Being away from your kids is hard. This isn’t news to anyone who is a parent. This probably also isn’t news to anyone who is not a parent either. But what they don’t tell you is that instead of getting easier with every child, it gets harder. And not just harder relative to the number of kids you have. No. It gets exponentially harder with each child.
I go back to work tomorrow, and I’m pretty sure I’ve cried every day this past week whenever I’ve thought about it. Don’t get me wrong, I LOVE my job, and I love where I work. It’s a supportive, positive atmosphere where I truly believe the staff really cares for one another. And you can’t have a much better job then making music with kids every day. Except for being a mom.

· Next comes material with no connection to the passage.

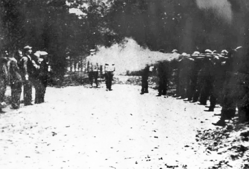 Mass execution in Barbarka forest near German-occupied Toruń. In autumn 1939 approximately 600 Poles were executed in this place by the members of paramilitary Volksdeutscher Selbstschutz. During the Second World War this photo was placed in so-called "Album of fame of Selbstschutz" (known also as "Alvensleben Album"). After the end of war this album was found and taken over by the Polish authorities.

I’ve written about this before, but truly, the one thing I have wanted more than anything in the world is to be a mom, and I love it. I have enjoyed every moment of my maternity leave. (Even the anxiety filled moments where I was sure there was no way in the world I could possibly be a mom to a toddler and a newborn.)
And I know that some days the kids will be with a babysitter, but other days they’ll be with my husband. However, it doesn’t matter because they’re not with ME. I love that my identity is ‘Mom.’ I won’t claim to love or appreciate my kids any more than people who can easily have children, but there is something different about going through the journey of infertility, adoption, miscarriage, and pregnancy. I KNOW how lucky I am to have both of my kids. I am blessed beyond belief, and I never want to take that for granted. Maybe that’s a reason I’m happiest being with my kids 24/7, or maybe it’s just how I’m built. Who knows?
So, my consolation for going back to work is this: I have 3 days then it’s spring break (good planning, right?) and then it’s only 6 weeks until summer vacation. I can do this. I hope.